Span requested from the data below: the line with "Надпись на марке" through the line with "Ils répètent dans", both included. Give only these lines again, exactly, and leave every picture out.

Dataset entries:
┌──

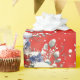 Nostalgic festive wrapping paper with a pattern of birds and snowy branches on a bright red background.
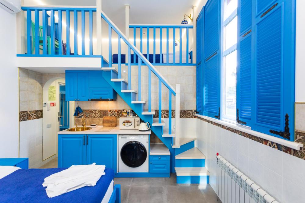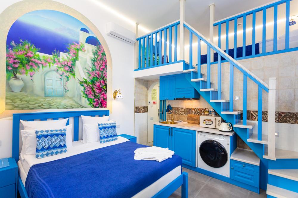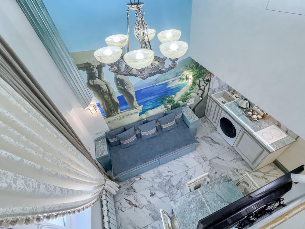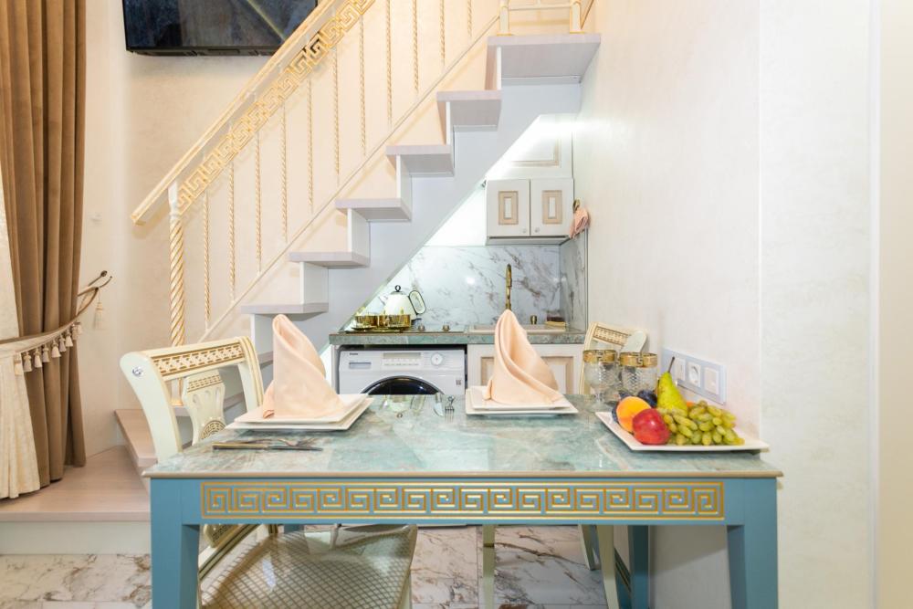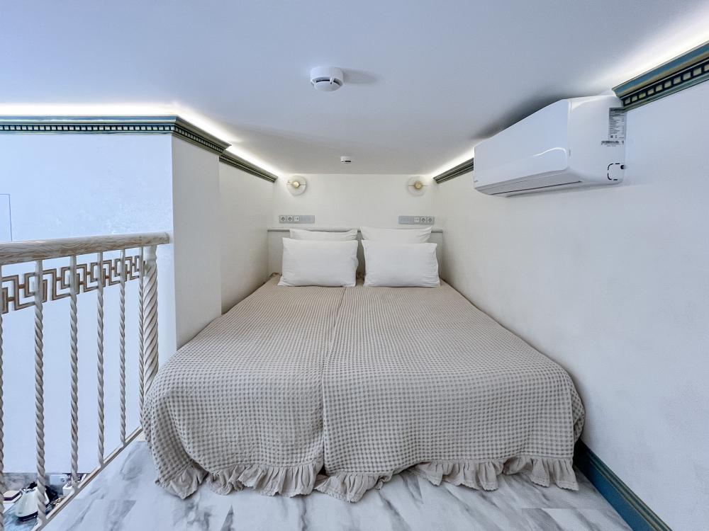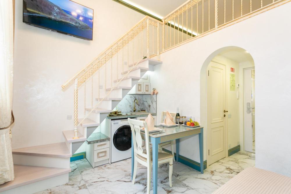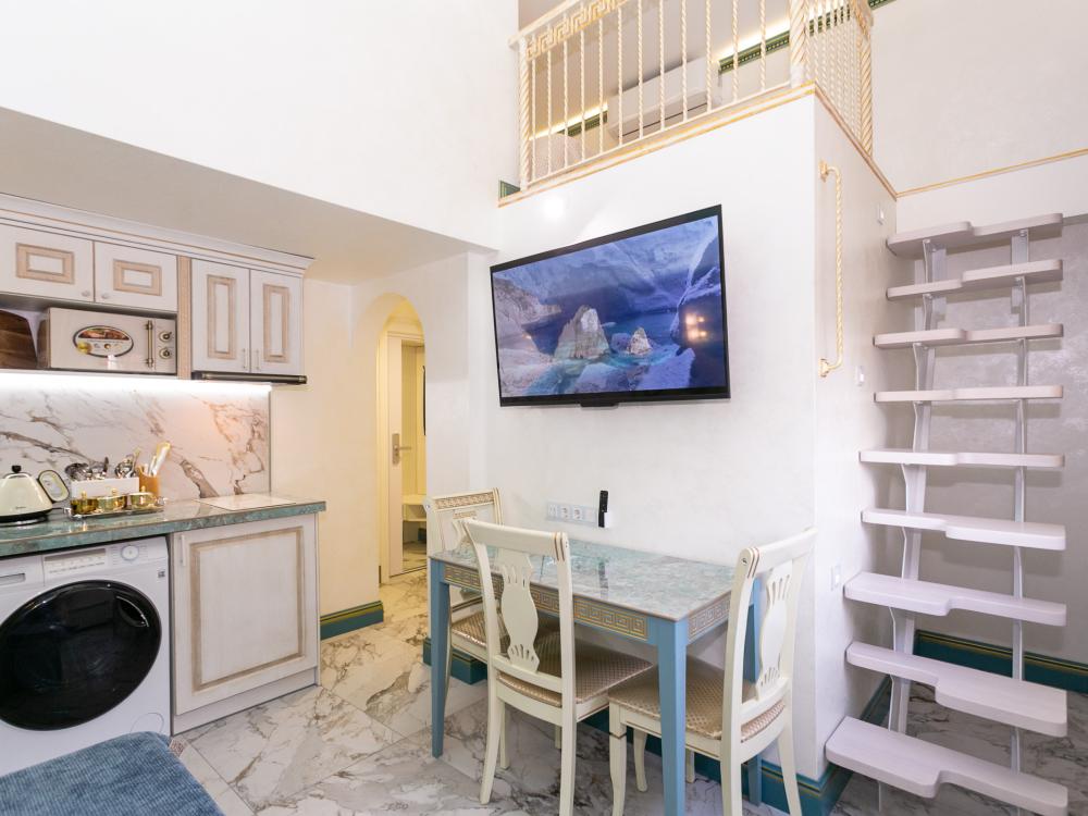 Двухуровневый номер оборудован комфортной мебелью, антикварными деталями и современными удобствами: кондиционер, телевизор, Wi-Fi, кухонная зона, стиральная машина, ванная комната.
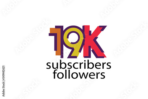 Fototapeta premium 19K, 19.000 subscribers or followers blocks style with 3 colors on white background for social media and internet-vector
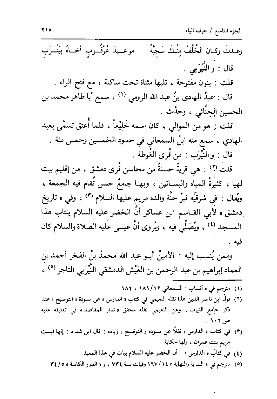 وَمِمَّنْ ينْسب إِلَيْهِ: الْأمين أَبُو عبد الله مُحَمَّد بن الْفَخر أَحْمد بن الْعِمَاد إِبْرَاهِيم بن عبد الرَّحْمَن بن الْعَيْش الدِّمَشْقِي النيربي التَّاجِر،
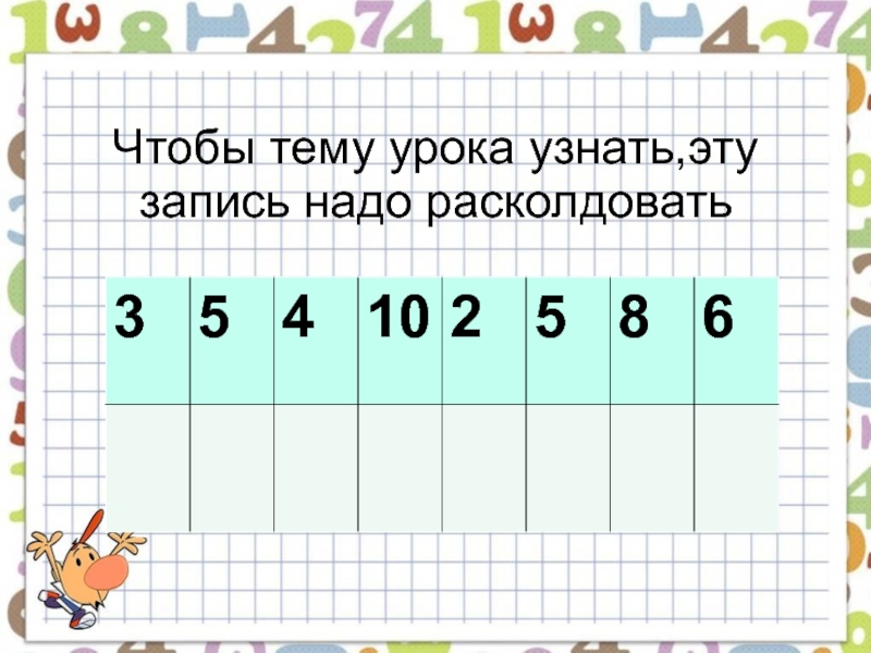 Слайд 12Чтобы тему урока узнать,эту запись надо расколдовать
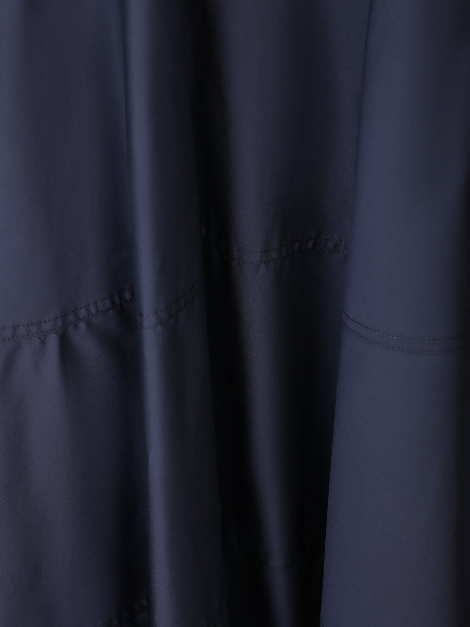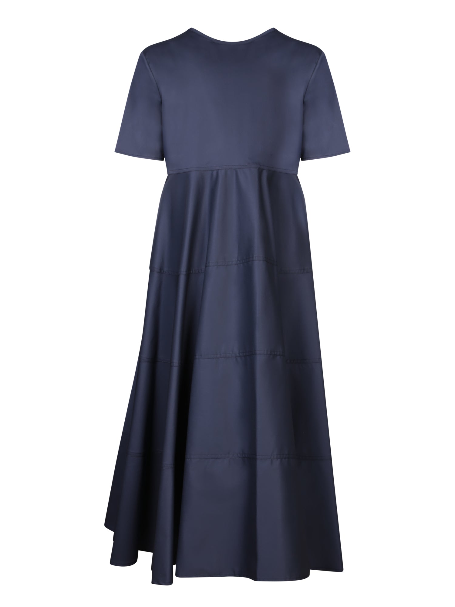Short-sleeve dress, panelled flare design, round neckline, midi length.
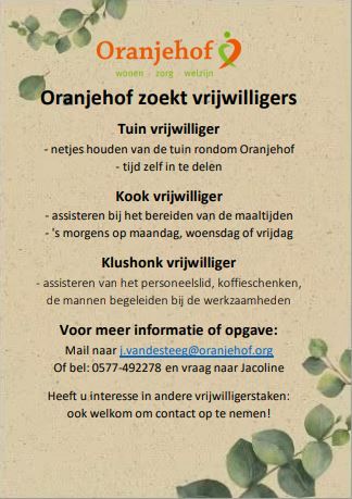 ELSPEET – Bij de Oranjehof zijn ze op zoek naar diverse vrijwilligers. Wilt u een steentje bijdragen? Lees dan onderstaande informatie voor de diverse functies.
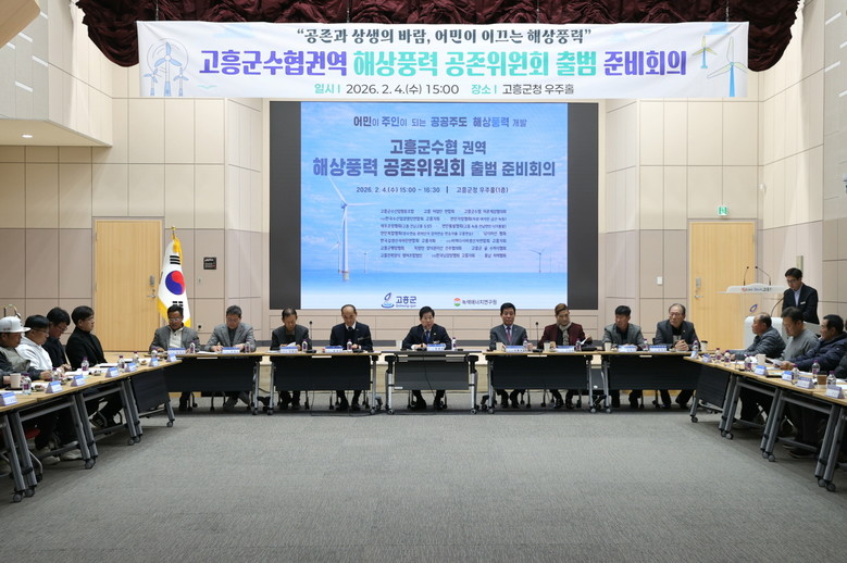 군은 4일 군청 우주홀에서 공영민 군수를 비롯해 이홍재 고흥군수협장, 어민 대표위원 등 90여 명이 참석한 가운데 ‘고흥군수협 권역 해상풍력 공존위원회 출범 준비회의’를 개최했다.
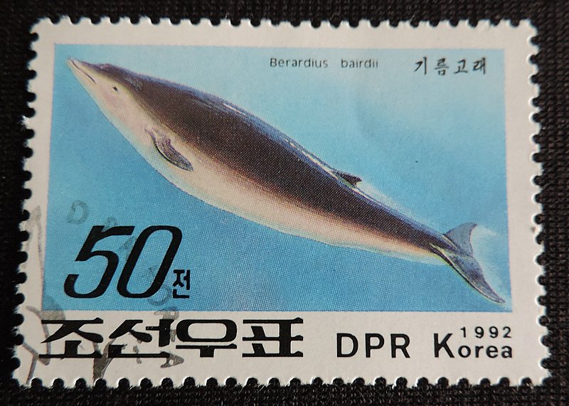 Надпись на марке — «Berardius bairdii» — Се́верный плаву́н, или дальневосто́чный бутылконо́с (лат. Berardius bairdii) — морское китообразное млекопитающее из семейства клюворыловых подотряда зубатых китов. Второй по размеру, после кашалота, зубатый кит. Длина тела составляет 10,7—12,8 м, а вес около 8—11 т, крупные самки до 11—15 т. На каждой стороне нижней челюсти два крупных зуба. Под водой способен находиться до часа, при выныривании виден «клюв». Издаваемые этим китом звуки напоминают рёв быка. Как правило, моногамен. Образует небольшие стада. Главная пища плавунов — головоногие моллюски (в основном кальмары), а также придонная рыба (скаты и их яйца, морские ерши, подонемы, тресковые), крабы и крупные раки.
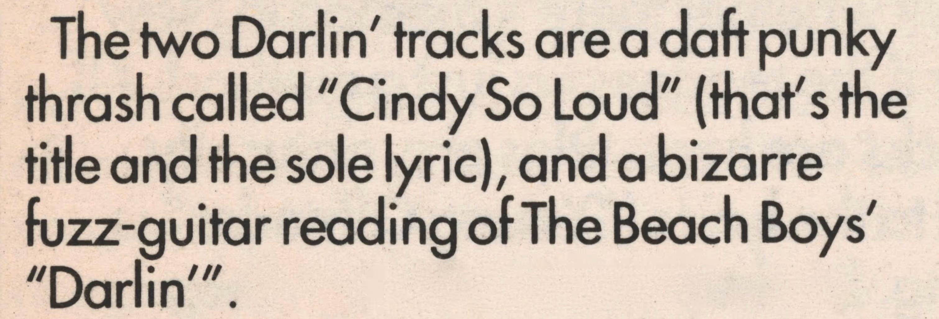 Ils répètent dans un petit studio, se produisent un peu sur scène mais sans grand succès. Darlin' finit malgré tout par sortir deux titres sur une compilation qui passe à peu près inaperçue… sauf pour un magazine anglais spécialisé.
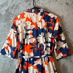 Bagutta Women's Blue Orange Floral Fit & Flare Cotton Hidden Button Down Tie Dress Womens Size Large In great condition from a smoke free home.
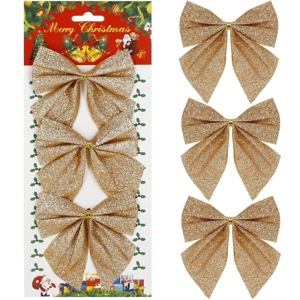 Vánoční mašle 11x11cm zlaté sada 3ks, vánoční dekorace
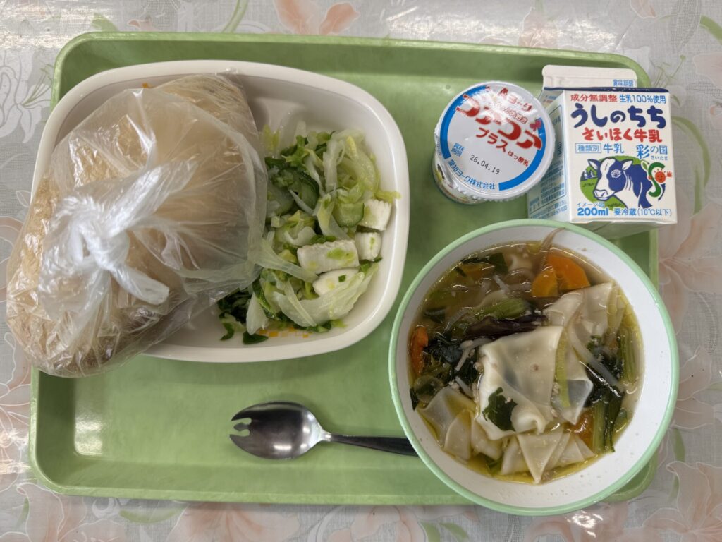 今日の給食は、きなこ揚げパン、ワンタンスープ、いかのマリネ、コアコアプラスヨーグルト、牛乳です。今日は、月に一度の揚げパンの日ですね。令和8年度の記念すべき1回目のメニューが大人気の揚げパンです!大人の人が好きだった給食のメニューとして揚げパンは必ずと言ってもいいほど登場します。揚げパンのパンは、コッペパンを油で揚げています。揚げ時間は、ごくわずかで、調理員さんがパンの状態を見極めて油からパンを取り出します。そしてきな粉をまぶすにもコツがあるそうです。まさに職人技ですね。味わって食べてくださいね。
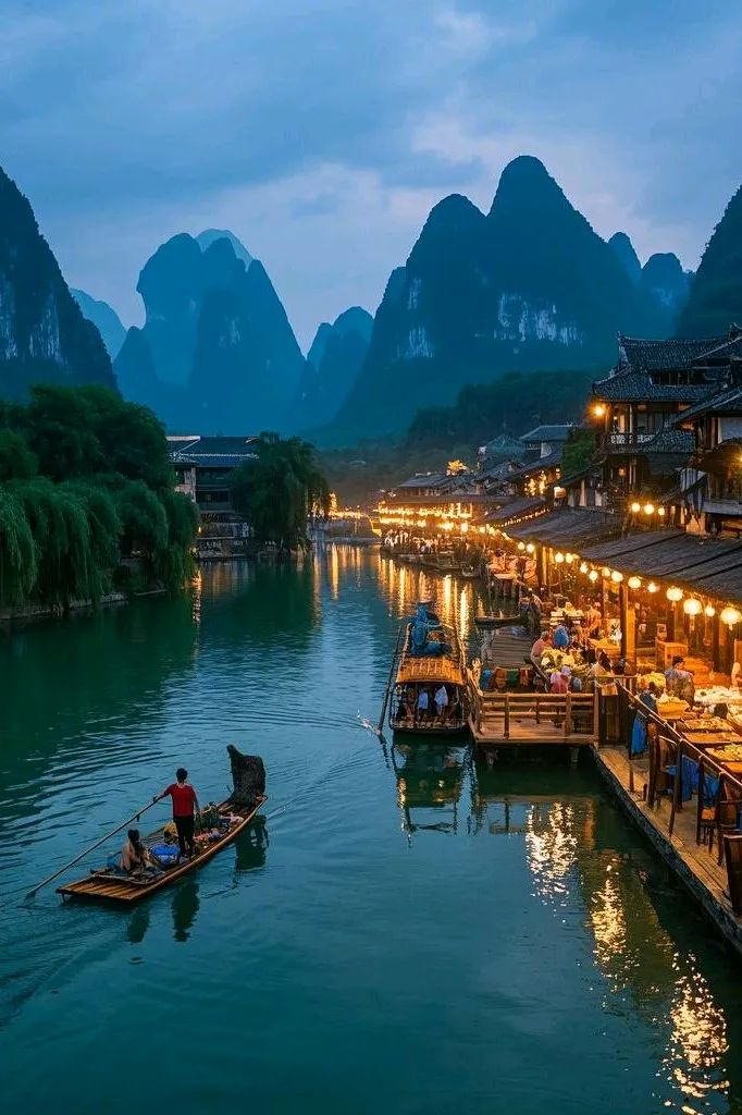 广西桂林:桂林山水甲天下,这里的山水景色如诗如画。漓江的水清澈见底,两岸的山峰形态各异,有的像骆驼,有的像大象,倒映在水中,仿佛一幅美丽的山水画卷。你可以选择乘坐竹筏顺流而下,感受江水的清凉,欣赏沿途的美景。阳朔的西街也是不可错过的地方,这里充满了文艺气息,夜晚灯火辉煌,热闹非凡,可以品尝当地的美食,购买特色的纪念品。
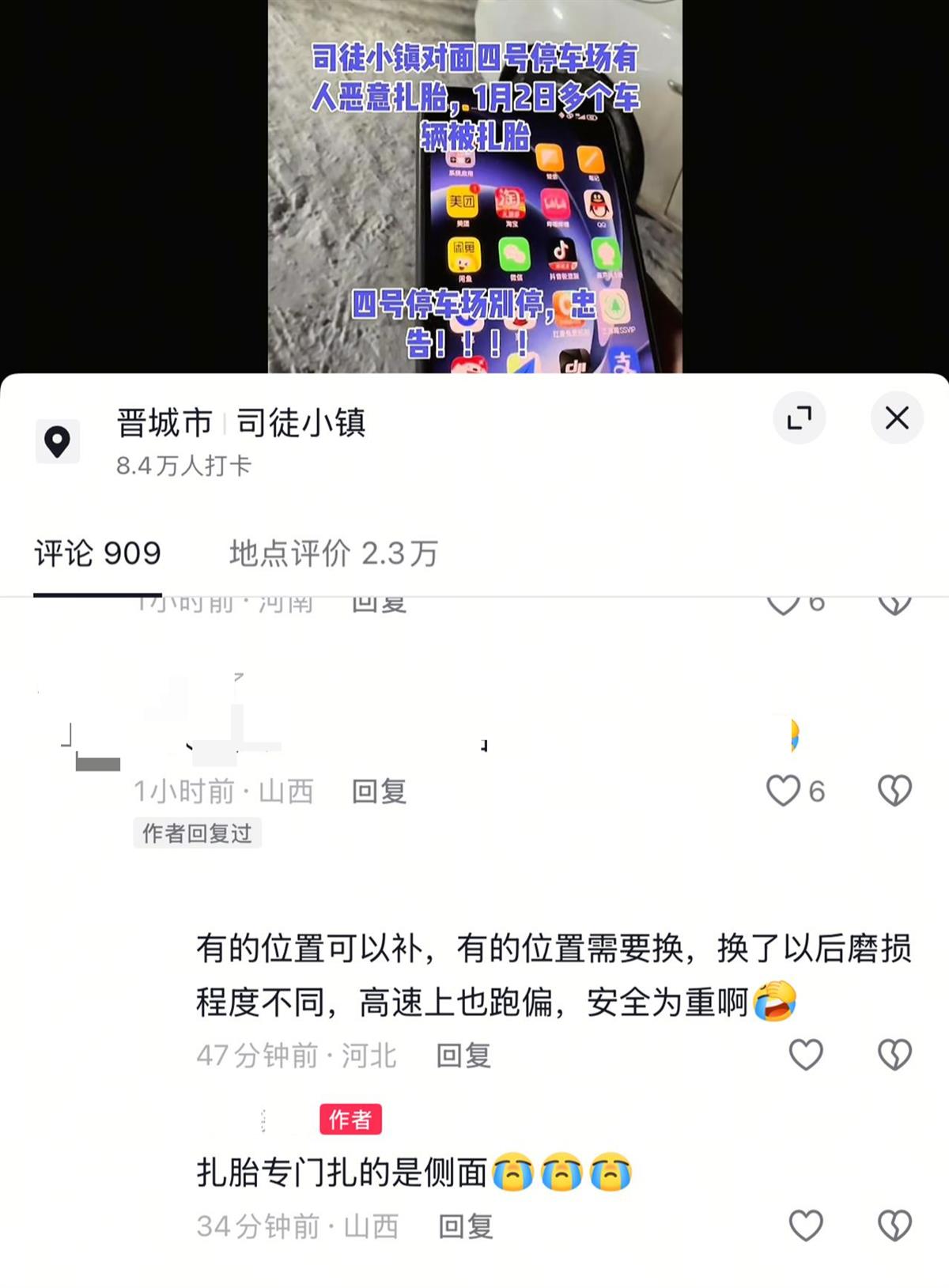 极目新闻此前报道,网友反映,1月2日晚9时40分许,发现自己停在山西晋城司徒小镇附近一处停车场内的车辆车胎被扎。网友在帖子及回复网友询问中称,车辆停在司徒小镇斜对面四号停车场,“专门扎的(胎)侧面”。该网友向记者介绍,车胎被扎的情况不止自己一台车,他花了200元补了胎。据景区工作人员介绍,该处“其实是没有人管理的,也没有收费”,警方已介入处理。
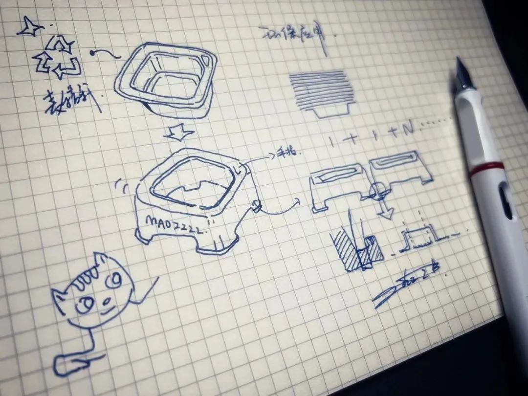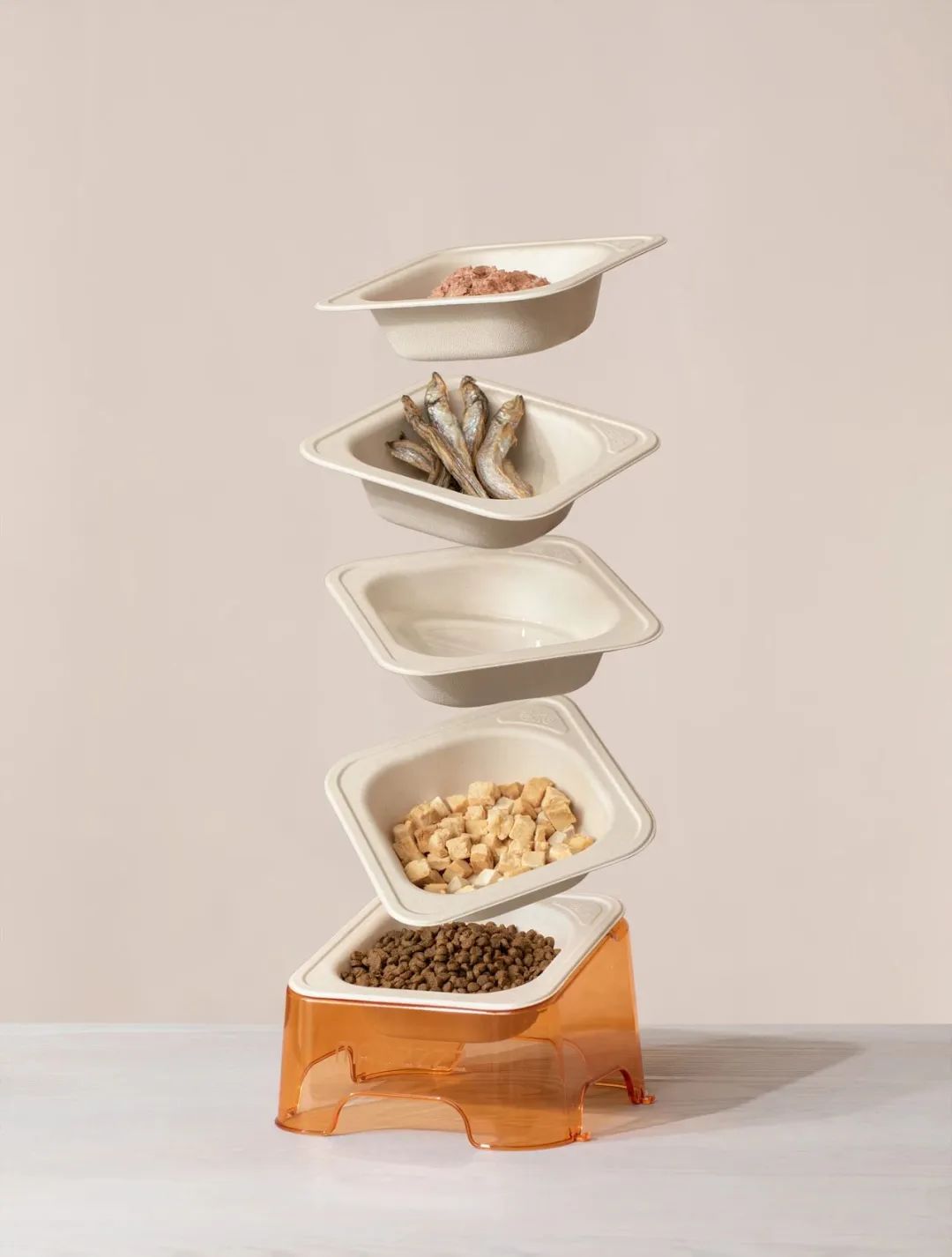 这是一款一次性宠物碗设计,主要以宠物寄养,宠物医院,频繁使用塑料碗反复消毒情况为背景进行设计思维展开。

└──

**EXERCISE SOLUTION**:
 Надпись на марке — «Berardius bairdii» — Се́верный плаву́н, или дальневосто́чный бутылконо́с (лат. Berardius bairdii) — морское китообразное млекопитающее из семейства клюворыловых подотряда зубатых китов. Второй по размеру, после кашалота, зубатый кит. Длина тела составляет 10,7—12,8 м, а вес около 8—11 т, крупные самки до 11—15 т. На каждой стороне нижней челюсти два крупных зуба. Под водой способен находиться до часа, при выныривании виден «клюв». Издаваемые этим китом звуки напоминают рёв быка. Как правило, моногамен. Образует небольшие стада. Главная пища плавунов — головоногие моллюски (в основном кальмары), а также придонная рыба (скаты и их яйца, морские ерши, подонемы, тресковые), крабы и крупные раки.
 Ils répètent dans un petit studio, se produisent un peu sur scène mais sans grand succès. Darlin' finit malgré tout par sortir deux titres sur une compilation qui passe à peu près inaperçue… sauf pour un magazine anglais spécialisé.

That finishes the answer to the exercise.